ほら、ギルドの案内板にも大きく張り紙がしてあるだろう」


 そう言って指を差すフリードさんの先には、確かに案内板と“モンスター討伐隊募集”という文言の張り紙がしてあった。これは毎年開かれる、王国でも大きな行事の1つ。


 王国の行事だからしっかりと報酬は出るものの、通常のクエストよりも報酬は少ない。確かにモンスターを討伐する大事な行事ではあるが、誰でも参加出来る言わば一種のお祭りの様なものだ。


 その為参加者もそれ程多くはない。危険な討伐という訳でもないからただ経験を積みたい冒険者や王国の騎士団に入りたい者が率先して参加する。


「参加する事が決まったって……え?強制ですか?」

「そう。招待状は確かに渡したし、出発は明後日。だからしっかり準備しておいてね~宜しく」


 フリードさんはそう言って風のように去って行った。


「おいおい、嘘だろ……」


 フリードさんがこんな冗談を言いに来る訳ないと分かってはいるが、俺は一応開封して中身を確認した。すると、よく見れば恐らくこれは直筆……。まさか国王がわざわざ? しかもちゃんと討伐に参加と書かれているし。


「これはまたややこしい事になったな……」

「本当に参加なんだね」

「マズいぞレベッカ……。討伐に参加するまでに魔力コントロールを完璧にしないと」

「あ、そうだ! え……ちょっと待って、でももう時間が……!」

「それは分かってるけどやるしかない。なにせ国王直々の招待だからな」


 こうして、突然の招待により討伐に参加する事になった俺達は、何よりも先ずレベッカの魔力イーターの力のコントロールに専念した。


♢♦♢


~訓練場~



<詰めが甘い。魔法を放つ最後までするんだレベッカ>

「ごめんなさい!もう1回お願い致します!」

「余所見するなよルカ!」

「あ、はい!すみません!」


 ここはギルドの訓練場。

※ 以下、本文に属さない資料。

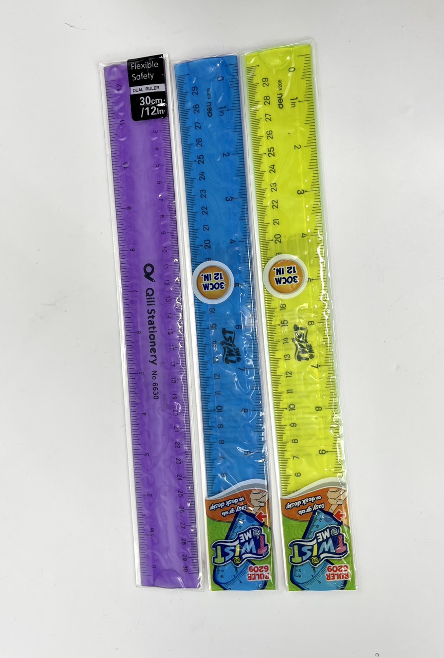 Thước dẻo nhiều màu 30cm là loại thước được giới văn phòng và học sinh lựa chọn bởi tính dẻo dai, đảm bảo độ bền khi sử dụng,không sợ bị rơi vỡ, cấn móp - Chất liệu nhựa dẻo cao cấp, dễ dàng uống cong mà không để lại bất kì vết hằn nào lên thân thước, phục hồi lại hiện trạng ban đầu nhanh chóng - Chiều dài : 30cm, nhưng bởi tính dễ uống cong nên bỏ trong balo, cặp sách học sinh rất dễ dàng - Chất liệu hoàn toàn không chứa hóa chất, không ảnh hưởng đến sức khỏe người sử dụng - Đơn vị đo : Cm, Inh - Xuất xứ : Trung Quốc

マスターに頼み、特別に俺達の貸切にしてもらった。理由は勿論レベッカの魔力コントロール……の筈だったが、何故か俺もジャックさんに訓練されている。


 何で?


「ほら、集中しろってルカ!」

「は、はい!」


 どのタイミングだろう?気が付いたら既にこうなっていた。

 討伐隊に参加する事になったのもあるが、どうせならと、まるで暇つぶしの如く俺の訓練が始まった気がする。


 レベッカの訓練には確かに魔力の高い人達がいた方がいい。ジャックさんみたいなSランクなら多少吸われても問題ないし、いればいる程レベッカの訓練には持ってこい。


 だが今はいればいるだけ余計だ――。


 俺がジークを召喚したと知ったSランク冒険者の皆々様が物珍しそうに俺を攻撃しているからな!


 くそ……。ずっとジークの事を言えずに悩んでいた時期が馬鹿みたいだ。マスターやジャックさんは然ることながら、他のSランク冒険者の人達は皆ジークの話を聞いて驚くどころかあっさり受けれたそうじゃないか……。


 ある意味反応も実力もグレイとはまるで違う。これがSランク冒険者の実力か……。まぁ恐ろしく思うと同時に、心の何処かで嬉しさもあるのが正直な気持ち。


 だがしかし!

 今のこの特訓はあんまりだ!

 レベッカより俺の方が酷いじゃないか!


「ちょ、ちょっと待って下さいよ!ジャックさんもリアーナさんもッ!それにフリードさんも会ったばっかりですし、ドルファンさんに至ってはまだ数十分前に初めましてなんですけどッ……!」

 

 そう。

 今まさに俺に攻撃を仕掛けているのは4人の猛者達。ジャックさんとリアーナさんは何時かの最終テストでも同じような目に遭わされたが、フリードさんとドルファンさんはまだ会ったばかり。しかもこっちの2人はジークの力を見たいという物珍しさだけで攻撃してきている。


 何なんだこの人達は……。


「本当にジークリートの封印を解いたとは」

「ジャックばかり攻撃していないで、僕にもやらせてくれよ」

「ダメだ。ルカは俺の弟みてぇな存在だからな。俺が1番に攻撃する」

「私も試したい超上級魔法があるので、次は変わって頂きます」


 意味が分からん――。


 もう1度言っておこう。アンタ達、マジで意味分からん事を言ってるぞ。


「じゃあ間を取って全員好きに攻撃すると言う事でいいね?」

「「OK!」」

「何もOKじゃないですよッ⁉ 頭大丈夫ですか⁉」


 お世話になっているジャックさん達に思わず暴言を吐いてしまった。だがこれは俺が正しいと思う。マスターがレベッカの訓練に付きあってるのがマジで不幸中の幸い。ジークもレベッカの方に魔力を集中させてるから何時もより俺はしんどい気がする……!


 しかもフリードさんはSランクの中でもトップの実力。マスターの次に強いんだぞ。ドルファンさんだって当たり前の如くな。これは本当に止めないとヤバい。


「皆さんちょっと落ち着いて下さッ……「――“唸れ、エクスカリバー”!」

「“炎の一閃イグニス”!」

「“土蛇の捕食ソイルスネーク”!」

「“絶対聖氷コールド・ゼロ”」



 俺の思いも虚しく、アホみたいな超攻撃魔法が同時に放たれた――。